Starting with the disgusting configuration mechanism:

  • Cisco IOS/XE is one of the very few devices I encountered that expects you to configure an explicit VLAN for the transit VXLAN segment.
  • Obviously, that also means you have to keep track of the VLAN allocation. The only other devices where we had to do that were the pre-NVUE Cumulus Linux and Cisco Nexus OS. At that time, we hard-coded the VLAN IDs (3000-something + VRF index); this time, I did it “the right way” and allocated an unused VLAN to the transit VNI. I can’t imagine why the same idea never occurred to someone in the Cisco IOS/XE development team1

Like that wouldn’t be bad enough, you have to deal with the router-versus-switch differences. Even worse, you can find tons of examples telling you how to configure the transit VLAN on switch-focused images (using VLANs), but almost nothing on doing it on router-focused images (using bridge domains).

Here are the cheat sheets, just in case someone stumbles upon this blog post while searching for the same topic2:

Transit VLAN configuration on IOS/XE switch images
vlan 3800
 name VRF_customer_TRANSIT
!
vlan configuration 3800
 member vni 5042
!
interface Vlan3800
 vrf forwarding customer
 ip unnumbered Loopback0
 no shutdown
 no autostate

Transit bridge domain on IOS/XE router images
bridge-domain 3800
 member vni 5042
!
interface BDI3800
 vrf forwarding customer
 ip unnumbered Loopback0
 no shutdown

Notes

  • The transit VXLAN segment (VNI) is tied to a vlan configuration or a bridge-domain with the member vni command.
  • The corresponding SVI/BDI/VLAN interface has to be configured, placed in the correct VRF, given an IP address, and enabled.
  • The autostate has to be turned off on the VLAN interface, as it has no attached interfaces.

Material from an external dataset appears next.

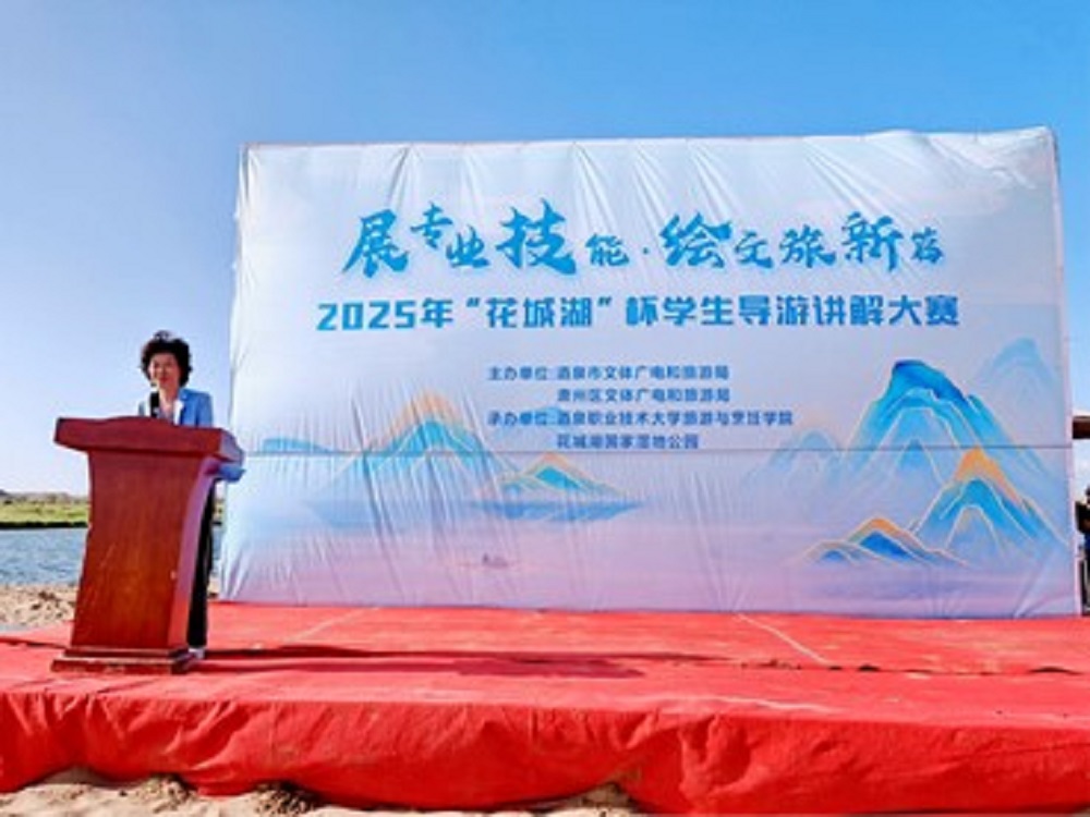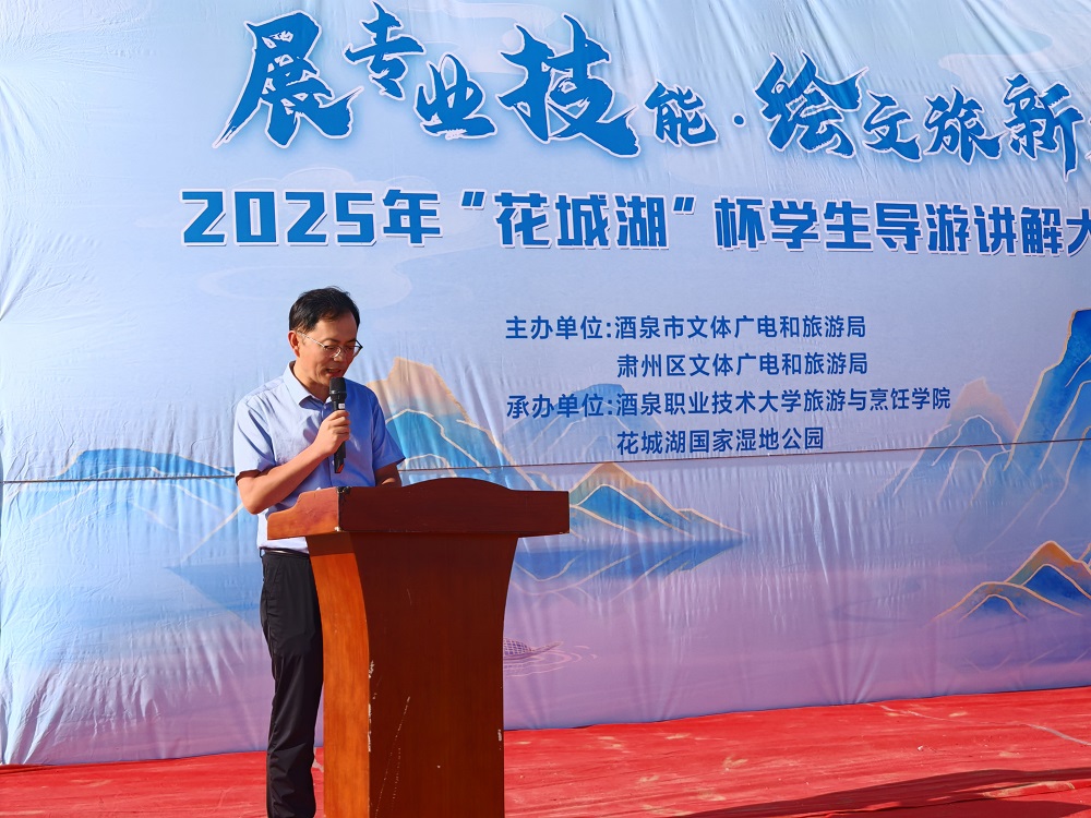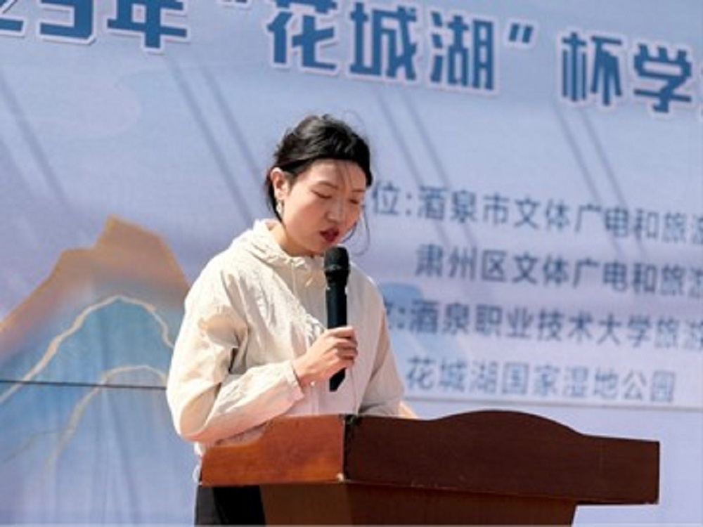 开幕式上,酒泉市文体广电和旅游局副局长周明在致辞中指出,酒泉作为古丝绸之路重镇,文旅产业发展潜力巨大,希望通过赛事搭建校企合作平台,培养兼具文化底蕴与实践能力的复合型文旅人才。随后,花城湖景区总经理赵秀琴致辞,结合景区特色,鼓励选手以生动讲解传递酒泉文旅魅力。

Next, you have to tie the transit VXLAN segment to a VXLAN interface (no surprise there), using the member vni vrf command (which only works after you configured ‌host-reachability protocol bgp on the same interface).

That solves the data-plane issues. Now for the control plane:

  • The IP-VRFs need EVPN route targets. While you can configure MPLS/VPN route targets under vrf definition, the EVPN route targets have to be configured under VRF address-family. OK, whatever.
  • The “this is an EVPN route target” keyword is stitching 🤦‍♂️ 🤦‍♂️ 🤦‍♂️3. Seriously. You can’t make this up. For example:

IOS/XE VRF definition with EVPN route targets
vrf definition customer
 address-family ipv4
  route-target import 65000:1 stitching
  route-target export 65000:1 stitching
 exit-address-family

After that, the configuration is pretty smooth:

  • Activate neighbors in the EVPN address family
  • Include EVPN routes into the BGP VRF instances with the advertise l2vpn evpn command under address-family af vrf name BGP configuration.

The fun starts when you try to test your work. Everything works out of the box if you configured stuff in just the right sequence, which seems to be (sometimes):

  • Enable EVPN address family
  • Configure transit VNIs on the VXLAN interface
  • Configure VRF EVPN route targets
  • Configure bridge-domain or VLAN configuration
  • Configure BDI/VLAN interface

However, if you happen to have more than one VRF and configure the VRF EVPN route targets before enabling the EVPN address family, it takes almost a minute for some VPN import stuff to kick in and redistribute connected subnets into EVPN. At the same time, routes received from the CE-routers via BGP are propagated (almost) immediately.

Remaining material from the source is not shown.